Temanggung, Juni 2005
Abimana Saputra
"Masih lama, ya?" bisik Fian yang sejak tadi sudah sibuk menyeka keringat di dahinya. Dia tampak lelah dan hampir menyerah. Tapi, dia sama sekali nggak mengeluh. Untuk kali pertama sepanjang aku mengenalnya, Fian menjadi sangat patuh.
Aku menggeleng. Entahlah. Aku justru berharap salah seorang dari kami pingsan dan barisan dibubarkan. Tapi sepertinya, ada yang lebih penting dari sekadar menanti selesainya pidato. Siswa TKJ yang biasanya paling nggak sabaran, menjadi lebih tenang. Apa yang diharapkan kami saat ini nggak lebih hebat dari angka nilai ujian yang di atas ambang batas. Hanya itu. Sesederhana itu. Nggak peduli berapa kali Pak Kuswoyo–kepala sekolah kami–mengulang kalimatnya. Nggak peduli terik matahari menambah eksotis kulit kami.
"Putra ...." panggil Fian kemudian.
Aku yang sedang sibuk mendengarkan pidato–sambil melamun, menoleh. Dan betapa terkejutnya aku saat melihat darah menetes dari hidung Fian. Tolong koreksi doaku kalau salah. Tapi, aku benar-benar nggak berharap Fian yang pingsan kali ini.
"Fian mimisan, Pak!" teriak Gita yang sudah histeris lebih dulu. Beberapa siswa menoleh ke arah kami. Tapi, sebagian yang lain tampak nggak peduli. Aku yakin mereka nggak sedang mendengarkan pidato. Kalau saja terlihat, pasti doa-doa baik sedang beterbangan di atas langit Kota Temanggung saat ini. Dan yang paling banyak, pastilah di atas kepala siswa bebal sepertiku.

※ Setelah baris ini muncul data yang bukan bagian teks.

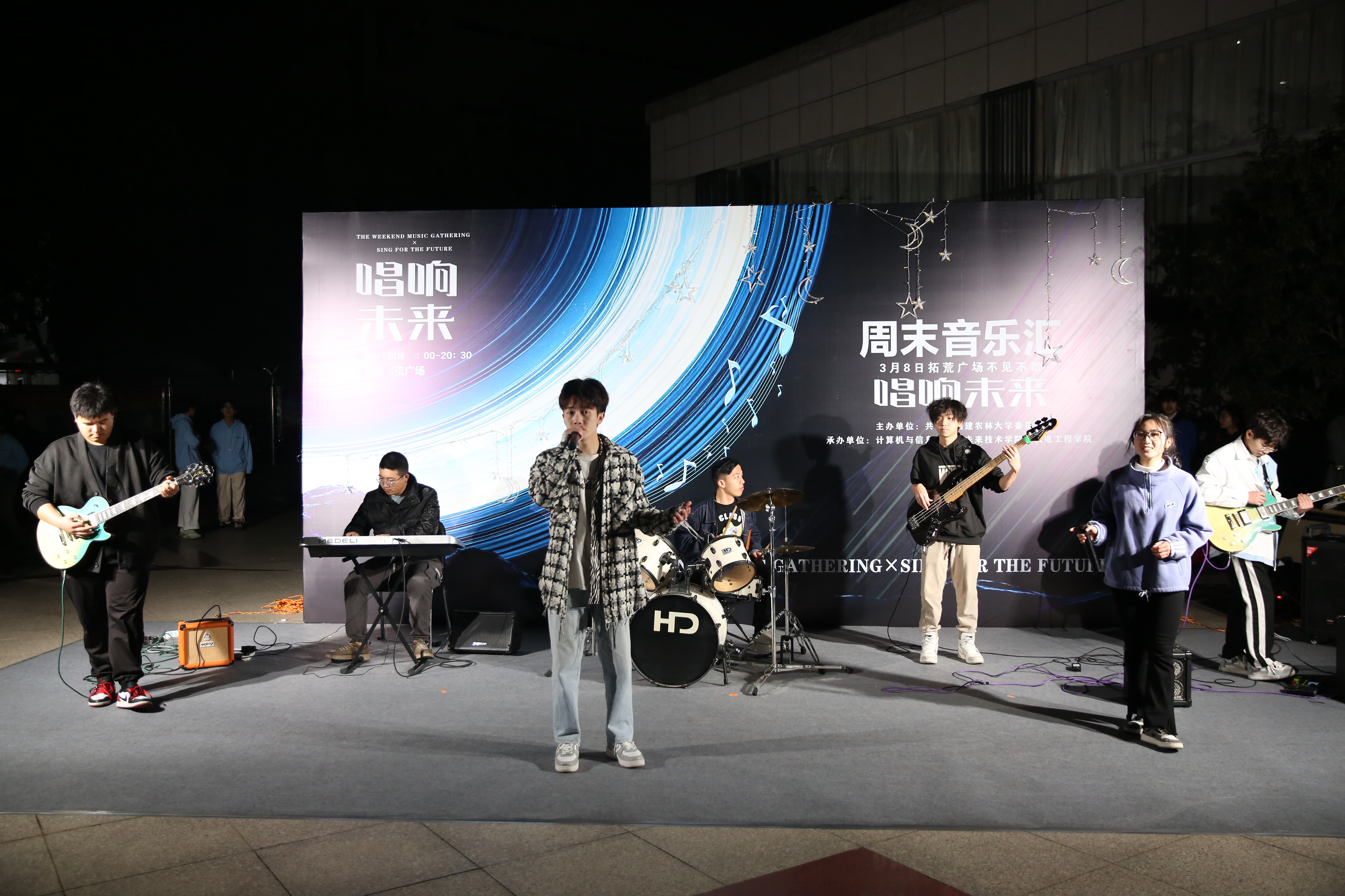 为营造昂扬向上、充满活力、文明高雅的校园文化氛围,3月8日晚,由校团委主办、计算机与信息学院参与承办的开云网页版“唱响未来”周末音乐汇在金山校区拓荒广场举行。

Tanpa pikir panjang, kutarik tangan Fian menjauh dari barisan. "Kita ke UKS, yan."
Fian menurut. Dia mengikuti langkahku melewati barisan siswa hingga tiba di koridor panjang menuju UKS. "Kalau sampai aku kenapa-kenapa, Pak Kuswoyo harus bertanggung jawab!"
Mau nggak mau aku tertawa. Dasar si Kampret! "Kamu nggak akan sampai gegar otak terus lupa ingatan cuma karena mimisan, Bego!"
Fian membersihkan darah yang keluar dari hidungnya di wastafel lalu duduk di ujung tempat tidur. "Iya nggak, sih. Cuma setelah satu tahun penuh perjuangan, masak hari ini kita masih harus disiksa dengan berjemur di tengah terik. Nggak manusiawi banget! Padahal udah punya rencana pura-pura pingsan. Eh, malah mimisan."
Aku tertawa lagi. Kalimat Fian kali ini berhasil membuatku lupa kalau kami sedang gugup menunggu pengumuman ujian. "Sukurin!"
Tapi, Fian benar. Tahun ketiga sekolah benar-benar di luar ekspektasi. Kukira menjadi siswa kelas tiga nggak ada bedanya dengan tahun-tahun sebelumnya. Tapi, anggapan itu berhasil dipatahkan saat jadwal belajar kami menjadi lebih padat. Jadwal les yang hampir setiap hari, doa bersama, try out, ujian sekolah, hingga ujian nasional mau nggak mau harus kami lalui. Dan setelah semua itu, kami masih harus sabar menanti pengumuman yang akan menentukan nasib kami.